These are the key concepts you need to understand to accurately answer the question.

Convection Heat Transfer

Convection heat transfer is a process where heat is carried away by the movement of fluids, such as air or water. When discussing convection in the context of the exercise, we're referring to natural convection, where the fluid motion is caused by buoyancy forces that result from density variations due to temperature differences within the fluid. Specifically, the outer surface of the cylindrical cover in the exercise is subjected to natural convection, where the air surrounding it absorbs heat from the surface.

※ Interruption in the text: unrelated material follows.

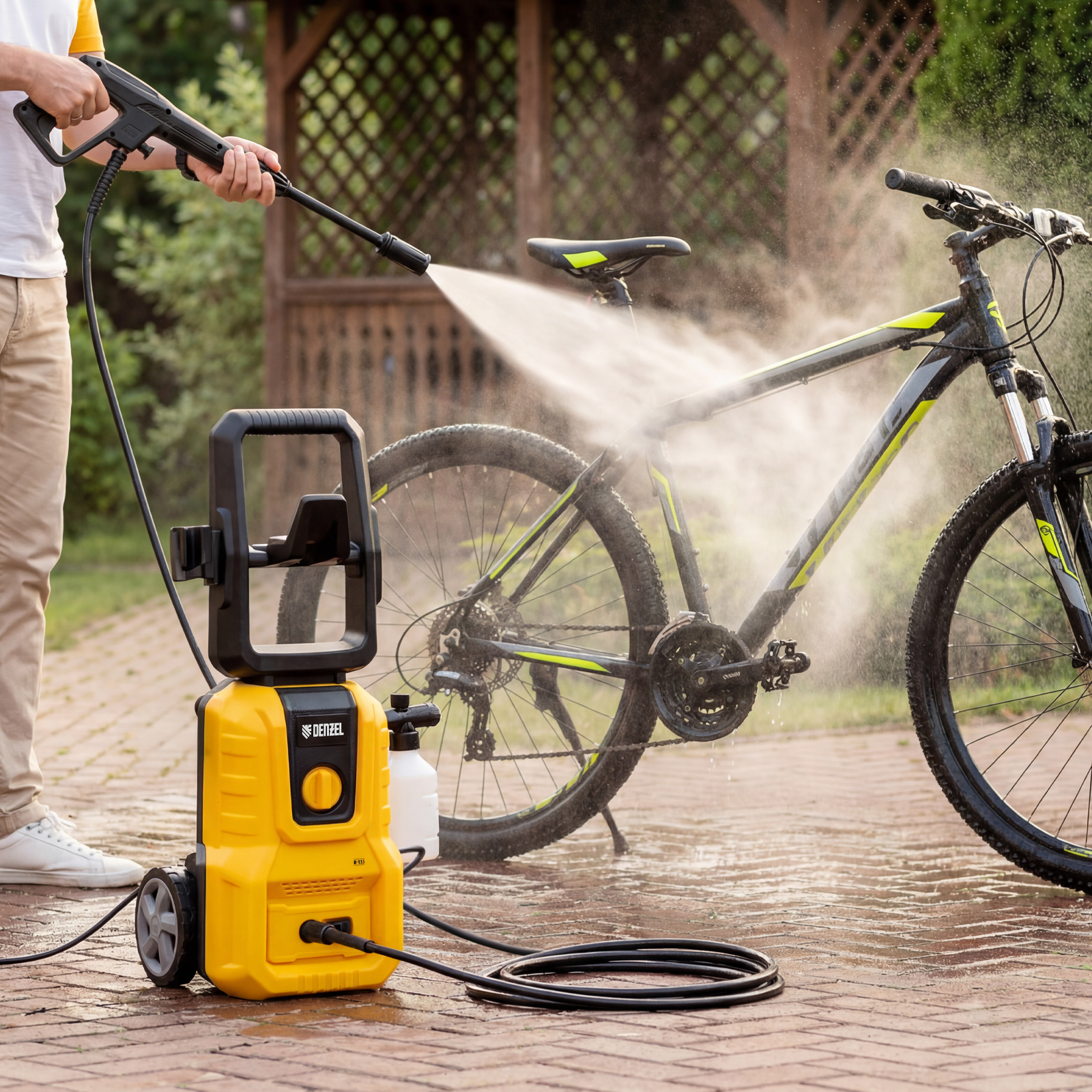 Моечная машина высокого давления Denzel R-135 58261 мощностью 1600 Вт поддерживает максимальное рабочее давление до 135 бар и обеспечивает объем подачи воды 390 л/ч. Позволяет быстро и эффективно очистить садовый инвентарь, фасад дома, дорожку, отмыть автомобиль и т.д. Оснащена самовсасывающим помпой, поэтому может работать даже без подключения к водопроводу — подойдет любой резервуар или емкость с водой. Машина оптимальна для бытового использования.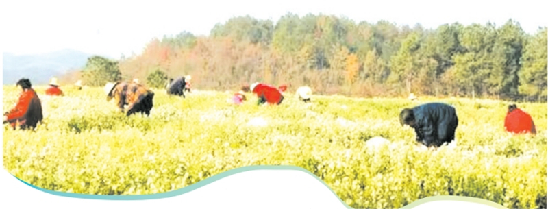 近日,随县柳林镇院子河村福白菊种植基地,菊花竞相绽放,菊农们趁着晴好天气采摘菊花,忙得不亦乐乎,福白菊成为村民致富的“金色产业”。(随州日报通讯员刘敏摄)

Applying the concept to the exercise, the heat transfer by natural convection from the outer cover to the surrounding air is calculated using the formula:
\[Q_{conv} = h \cdot A \cdot (T_{o} - T_{\infty})\]
where \(h\) is the heat transfer coefficient, \(A\) is the area of the outer cover, \(T_{o}\) is the outer cover temperature, and \(T_{\infty}\) is the surrounding air temperature. This formula helps predict how effective the cover will be at protecting someone from burns by dissipating heat.

Radiation Heat Transfer

Radiation heat transfer involves the emission of electromagnetic waves that carry energy away from an emitting surface. Unlike convection, this form of heat transfer does not require a medium; hence it can occur even in a vacuum, as is the case in the gap between the inner tube and the outer cover in our exercise.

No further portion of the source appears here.